Monday, June 08, 2009

A Dorchester katzenjammer

Heads are hurting on the Monday after Dorchester Day. It's not from overindulgence, can anyone imbibe too much Dot magic? It's from the concussive booms and brass that accompanied yesterday's Dorchester Day Parade, a miles-long extravaganza that tried the tympani of eardrums more used to the sounds of the wind's whisper off the harbor.

The parade was led by a phalanx of emergency vehicles with their sirens blaring, announcing the main feature. The main feature was made up of marching bands, stereo speakers on flat beds, dancers, revellers and police motorcycle escorts. The BPD drives Harleys, which aren't the quietest bikes on the road. Perhaps they should enlist a Vespa patrol to sneak up on the perps.

The crowd lining Dot Ave was enthusiastic and vocal. They cheered when appropriate and cheered for no other reason than unabashed Dot Pride at the drop of a hat. Normal conversation measures 60 decibels. The sidewalks along Dot Ave regularly exceeded three hundred, such was the verve of the crowd. The seismograph atop the Hancock Tower registered 1.2 on the Richter Scale yesterday afternoon at 2:21 PM. Scientists attribute it to Dorchester Day.

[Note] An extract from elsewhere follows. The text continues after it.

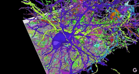 就像米开朗基罗工作室里的一块大理石一样,神经元的真实形态被困在所有周围空间和其他纠缠神经元的数据中。神经科学家必须手动查看图像,识别神经元切片,并指定计算机中的每一个变成3D模型。谷歌估计,每个样品都是只有1毫米的立方体,完成对全部样品的标注需要10万小时。然而他们所研发的AI经过七天训练,就能完成相同的任务。

If the collective pride of Dorchester can vibrate the foundations of one of Boston's most well engineered landmarks on a whim, think of what it could do if this energy were harnessed. You wouldn't be living in Longfellow's Boston anymore. Bars would be open around the clock, and the T would keep the same hours. Hammers would be hitting nails every hour of everyday as everyone worked hard to earn a paycheck building this city better.

After so much excitement, you would think Dorchester would be sleeping off its bender the following day, but no. Dorchesterites reported this morning with their usual gusto. They know a city doesn't just run on pride. It takes hard work and stamina.